You open your feedreader, see “1000+ unread” and think; oh no. Clicking “mark all as read” you sigh, clench your muscles and think “I failed again but this time I’ll stay current and up to date — this time I’ll read it all, all the time”.

From Intent to Read to Intention for Reading

jump-for-joy

The clearer your intention, the better you feel. “I follow this feed to stay up to date on the news in my industry” sounds like a clear intention but soon you’ll find yourself stressed at somehow staying “up to date”.

Why?

Because the question is; why do want to stay up to date? Answering that question for yourself gives you a chance to bring things back to your real life; “I follow this feed to stay up to date in order to learn about code exploits as soon as possible so I can protect the company server”.

If you find yourself storing information or URL’s ask yourself: what do I intent to do with this?

The fact that it is remotely interesting isn’t enough. You have to know for yourself “I save this article because I’m planning to write about the body-space awareness of termites”.

More elsewhere:

  • Horizons of Focus
  • Covey’s idea of Roles (would love to include a link but alas, can’t find a good write-up on it! Know one?)

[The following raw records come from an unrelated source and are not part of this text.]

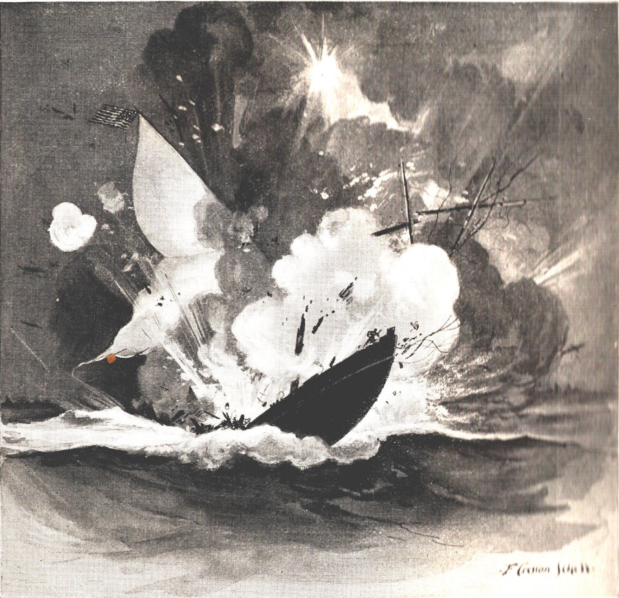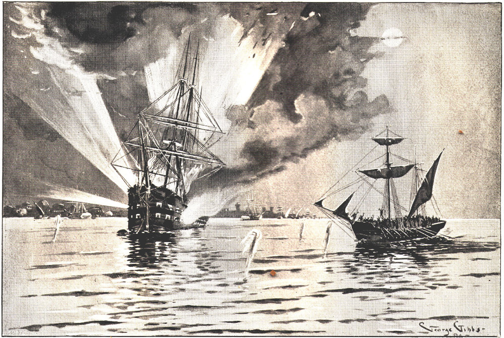 Those on the American ships heard the frightful roar of the hundred barrels of gunpowder that seemed to explode in an instant of time, and, stunned by the concussion, they could only see a mast and sail of the ketch as they flew, blazing, up to the lurid sky, and then sank in the more lurid water.
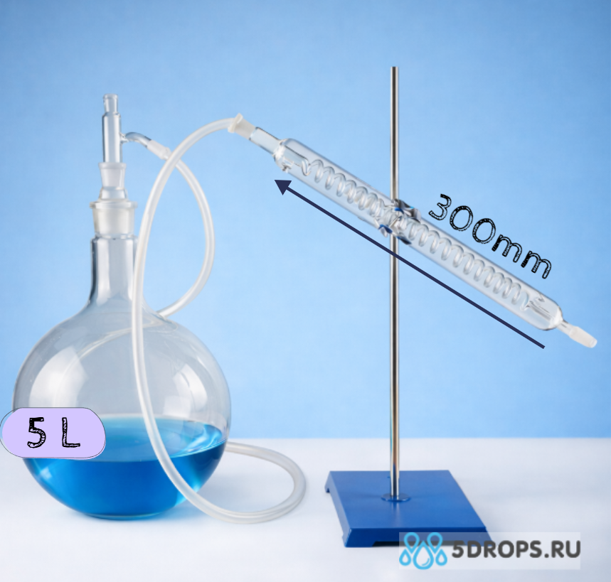 Конструкция включает плоскодонную перегонную колбу объемом 5000 мл и змеевиковый холодильник на 16 витков. Спиральная форма холодильника обеспечивает развитую поверхность теплообмена и эффективную конденсацию паров при циркуляции охлаждающей воды. Стандартные шлифовые соединения обеспечивают совместимость с дополнительными лабораторными элементами.
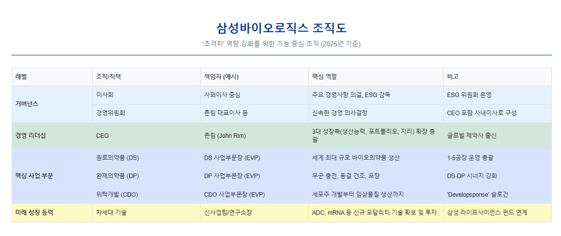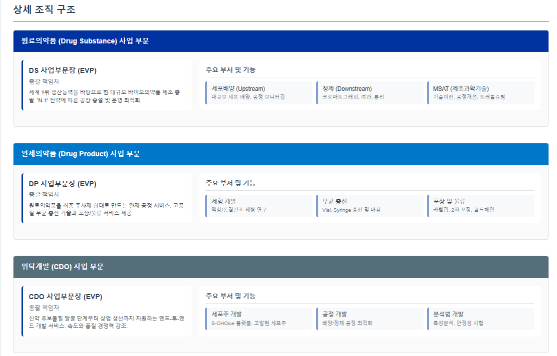 반면 삼성바이오로직스의 전략은 '압도적 효율'입니다. 삼성의 조직도는,
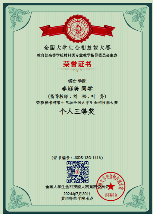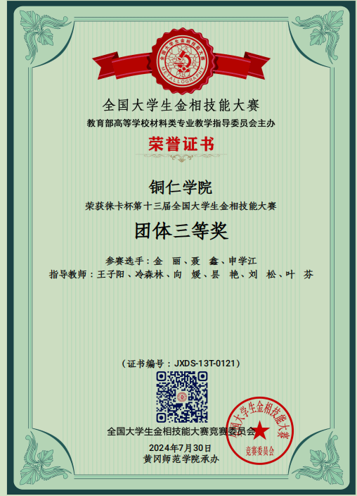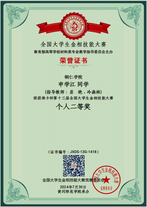 7月25日-30日,由教育部高等学校材料类专业教学指导委员会主办、湖北黄冈师范学院承办的第十三届全国大学生金相技能大赛决赛在湖北黄冈举行。本次大赛分预赛和决赛两个阶段,预赛报名参赛高校达571所,参赛选手达400488名。经过26个分赛区预赛选拔,最后531所高校1460名选手参加决赛。大赛规模空前,有参赛高校选手、指导教师、竞赛委官员、裁判、特邀嘉宾共计3520人齐聚湖北黄冈共襄盛会。beat365王子阳、向媛、昙艳3位指导教师代表beat365英国官方网站带领我院材料科学与工程专业的2021级、2022级金丽、聂鑫和申学江同学参加本次国赛决赛。参赛选手秉持“执着专注、精益求精、一丝不苟、追求卓越”的工匠精神,沉着应战,激烈比拼。beat365参赛选手在赛场上充分发挥自己的能力,取得了优异成绩,其中,金丽同学获个人“一等奖”,聂鑫和申学江同学分别获个人“二等奖”,beat365英国官方网站代表队获团体“三等奖”的好成绩。

Do you think clear intention helps — or do you maybe think all this talk about information processing and knowledge work is way overdone?

Treat Your Feeds Like Magazines

Adopting a “first in, maybe never out” approach to RSS feeds assures you have tons and tons of content from sources you know you like.

It’s there, ready to go when you want to enjoy it.

This Saturday morning, for example, I passed in bed with some heavenly espresso (Italian stovetop method, yes) and tons of great, funny, interesting, emotional, informing articles. It’s like having a huge pile of recent magazines.

Be Your Own News Filter

Young woman reading a magazineAs you browse through your collection of feeds and feed items you’ll come across a lot of tasty stuff. Just as with reading a magazine, it’s perfectly OK to skip forward to what caught your interest, to sample and article or to earmark another for later reading.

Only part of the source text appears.